Please **show your work** - i.e., show and explain your code/math, and write your reasoning.

1. A data warehouse for a music streaming company consists of the dimensions song, user, time (time and date of when the user listened to a song), and a measure called fee (fee paid by the streaming company to the artist every time a user listens to that song). 
    1. **[1 mark]** Draw a schema diagram for the above data warehouse using a star schema.
    2. **[0.5 marks]** Starting with the base cuboid [time, user, song], what specific OLAP operations should be performed in order to list the total fee collected for a given song for a given month of a given year (e.g. October 2021)?
    3. **[0.5 marks]** Assume that the time dimension has 3 levels: day, month, year; and that the song and user dimensions both have 1 level (not including the virtual level 'all'). How many cuboids will this cube contain (including the base and apex cuboids)?

1. **[1 mark]** Using the same CSV file and data cube in the above lab tutorial, modify the "tutorial_model.json" file to include aggregate measures for the minimum and maximum amount in the data cube. Using these implemented aggregate measures, produce the values for the minimum and maximum amount in the data per year. Make sure to show your work in the PDF report. You can read the [Cubes package documentation](https://readthedocs.org/projects/cubes/downloads/pdf/latest/) for assistance in this task.

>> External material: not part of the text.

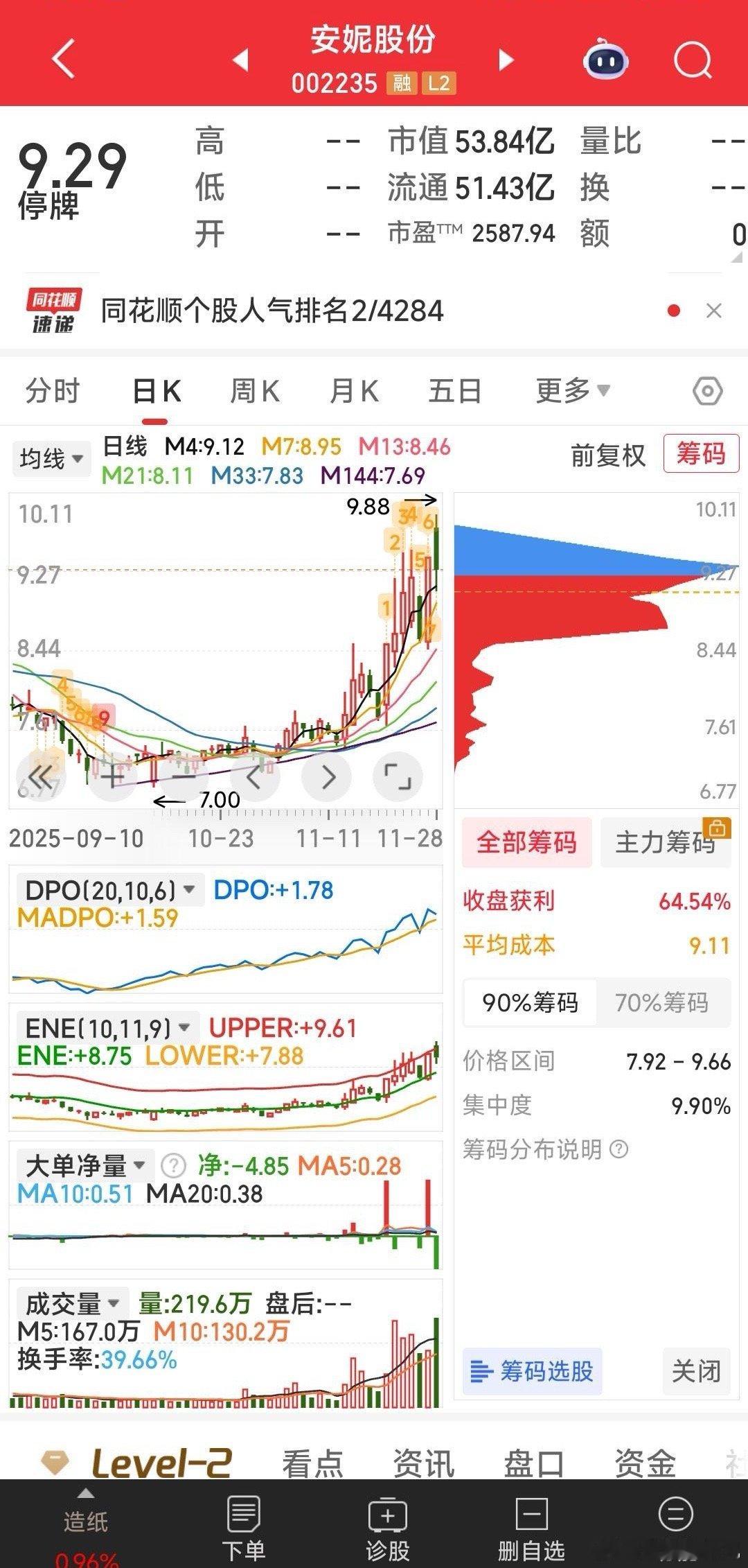 目前手中四票:四川金顶,高乐股份,初灵信息,达华智能。刚才出了巨轮智能,又6.2

1. Consider the CSV file "country-income-large.csv":
   1. **[1 marks]** Load the CSV file using Cubes, create a JSON file for the data cube model, and create a data cube for the data. Use as dimensions the region, age, and online shopper fields. Use as measure the income. Define aggregate functions in the data cube model for the total, average, minimum, and maximum income. In your PDF report, show the relevant scripts and files you have created.
   2. **[1 mark]** Using the created data cube and data cube model, produce aggregate results for: the whole data cube; results per region; results per online shopping activity; and results for all people aged between 30 and 50.
  

In [None]:
# If you are using Google Colab, you would need to run the lines below to install Cubes. 
# This might also be the case if you are running the notebook locally.
# You can comment the below line if you are running a local python installation with Cubes installed.
# The below line also installs a particular version of the sqlalchemy package needed to use Cubes.

#!pip install cubes
#!pip install -Iv sqlalchemy==1.3.9

from sqlalchemy import create_engine
from cubes.tutorial.sql import create_table_from_csv

In [None]:
engine = create_engine('sqlite:///data.sqlite')
create_table_from_csv(engine,
                      "IBRD_Balance_Sheet__FY2010.csv",
                      table_name="ibrd_balance",
                      fields=[
                          ("category", "string"),
                          ("category_label", "string"),
                          ("subcategory", "string"),
                          ("subcategory_label", "string"),
                          ("line_item", "string"),
                          ("year", "integer"),
                          ("amount", "integer")],
                      create_id=True
                     )

In [None]:
engine = create_engine('sqlite:///data.sqlite')
create_table_from_csv(engine,
                      "country-income-large.csv",
                      table_name="country_income",
                      fields=[
                          ("region", "string"),
                          ("age", "integer"),
                          ("income", "integer"),
                          ("online_shopper", "string"),
                      ],
                      create_id=True
                     )

In [None]:
from cubes import Workspace

workspace = Workspace()
workspace.register_default_store("sql", url="sqlite:///data.sqlite")

In [None]:
workspace.list_cubes()

[]

[1 mark] Using the same CSV file and data cube in the above lab tutorial, modify the "tutorial_model.json" file to include aggregate measures for the minimum and maximum amount in the data cube. Using these implemented aggregate measures, produce the values for the minimum and maximum amount in the data per year. Make sure to show your work in the PDF report. You can read the Cubes package documentation for assistance in this task.



In [None]:
workspace.import_model("tutorial_model.json")

In [None]:
cube = workspace.cube("ibrd_balance")

In [None]:
browser = workspace.browser(cube)

In [None]:
result = browser.aggregate(drilldown=["year"])
for record in result:
    print(record)

{'year': 2009, 'amount_sum': 550840, 'record_count': 31, 'amount_min': -1683, 'amount_max': 110040}
{'year': 2010, 'amount_sum': 566020, 'record_count': 31, 'amount_min': -3043, 'amount_max': 128577}


Consider the CSV file "country-income-large.csv":

[1 marks] Load the CSV file using Cubes, create a JSON file for the data cube model, and create a data cube for the data. Use as dimensions the region, age, and online shopper fields. Use as measure the income. Define aggregate functions in the data cube model for the total, average, minimum, and maximum income. In your PDF report, show the relevant scripts and files you have created.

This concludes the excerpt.